Dive Brief:
- Fewer than half (47%) of large companies have identified how to gauge the sustainability of their operations despite rising pressure from investors, regulators and lawmakers for disclosure on environmental, social and governance (ESG) performance, Accenture said.
- “Many companies are still managing blind,” Accenture said after surveying 640 CFOs and other finance leaders worldwide. Nearly half (49%) of large companies are unable to determine the best metrics for ESG performance and derive useful insights.
- The ability of companies to raise capital "will increasingly be tied to sustainability objectives,” Accenture said. Yet “deficiencies in the ability of companies to target, manage, measure and report sustainability performance still hamper the ability of businesses to effectively deliver on their sustainability commitments.”
Dive Insight:
CFOs aiming to adopt ESG disclosure standards must currently choose from more than 15 competing sustainability reporting frameworks that vary in detail and scope.
The architects for global accounting rules aim to bring clarity and baseline uniformity to ESG performance disclosure through the International Sustainability Standards Board (ISSB), a panel launched at the COP26 climate conference in Glasgow in November.

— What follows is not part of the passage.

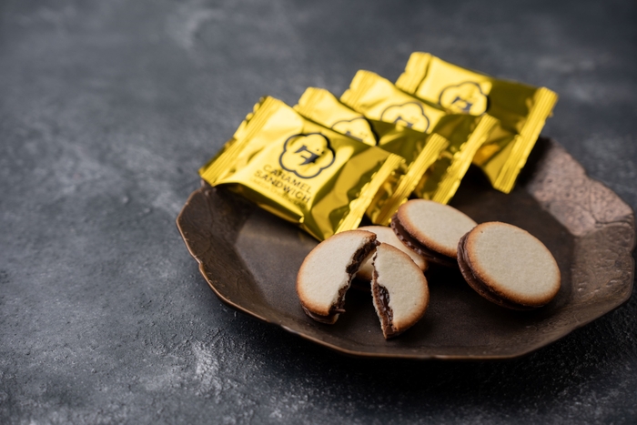 チーズクッキーにサンドされた、芳醇なキャラメルと濃厚チョコレートの贅沢な味わいの「キャラメルサンドウイッチ」が新発売となります。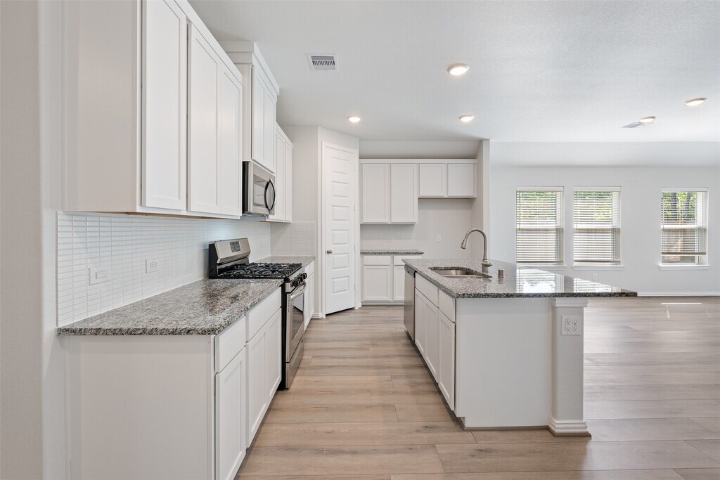 Ask about our limited-time lease special available this week only and secure this beautiful home before it’s gone! Schedule your private tour today. Welcome to easy living in The Woodlands Hills! This stunning one-story home offers a spacious 4 bed,2 bath layout with stylish finishes throughout. Nestled on a quiet cul-de-sac with no rear neighbors,it provides privacy and plenty of room to relax or entertain outdoors. The open-concept layout flows from the kitchen to the family room,creating a bright,inviting space. The kitchen features modern finishes and great storage,while the private primary suite offers a relaxing retreat. Step outside to the covered patio and enjoy your secluded backyard with an expansive feel rarely found in the neighborhood. Enjoy resort-style amenities including a 17-acre Village Park,hiking and biking trails,pools,and more. Conveniently located near medical centers,shopping,and dining—with full access to the gym,Olympic lap pool,and lazy river. MLS# 33328834

The ISSB plans to gather opinions from shareholders, companies and other stakeholders and release an initial group of standards during the second half of this year. It aims to become the global standard-setter for sustainability disclosures.
The board “will begin with climate, due to the urgent need for information on climate-related matters,” and draw up both thematic and industry-based requirements, according to a statement by the IFRS Foundation, which oversees the International Accounting Standards Board.
Regulators are stepping up pressure for greater sustainability disclosure. The U.K. government is exploring changes in legislation that would mandate ESG reporting. Under a regime proposed by the European Union, companies would use a classification system to label in disclosures operations that are deemed sustainable.
In the U.S., Securities and Exchange Commission (SEC) Chair Gary Gensler has said agency staff are crafting a proposal for mandatory climate risk disclosures that will be considered by SEC this year.
Companies may need to report on metrics such as greenhouse gas emissions, financial impacts of climate change and progress towards climate-related goals, Gensler said in July, adding that he aims to ensure investor access to “consistent, comparable, and decision-useful disclosures.”
Such reports may be required in an expanded Form 10-K and describe a company’s direct and indirect carbon emissions, including those by suppliers and partners in its “value chain,” he said. The SEC rules will likely parallel, but not duplicate, global standards. Gensler has also asked staff to propose workforce disclosure rules.
“Meeting demands for sustainability data will be integral to company performance,” Accenture said, adding that “ESG matters to the market, and therefore to business value.”
Companies with high ESG performance from 2013 until 2020 generated 2.6 times higher total shareholder return than medium performers, Accenture said.
Making a CFO responsible for sustainability is essential for ensuring a company meets its ESG goals, Accenture said. “Companies are much more likely to extensively embed ESG in core management processes when the CFO has accountability for ESG metrics.”
Yet only 26% of finance leaders said they had clear, reliable data to back up their ESG metrics and 54% said insufficient skills or talent has impaired ESG measurement and reporting.
Half of investors believe company ESG reports lack substance, compared with only 38% of CFOs, accounting firm EY said last month in a survey, highlighting “a gap between how useful companies believe their ESG reporting to be and the views of investors who use it in their decision-making.”
CFOs currently fall short of meeting investor needs for reporting on ESG performance and need to quickly act to show how they will derive value for their companies from sustainable business practices, EY said.
Only 16% of financial executives said they subject their ESG reports to an independent audit, according to Accenture. It surveyed CFOs and other financial executives at companies with more than $1 billion in revenue in China, France, Germany, Italy, the U.K. and the U.S.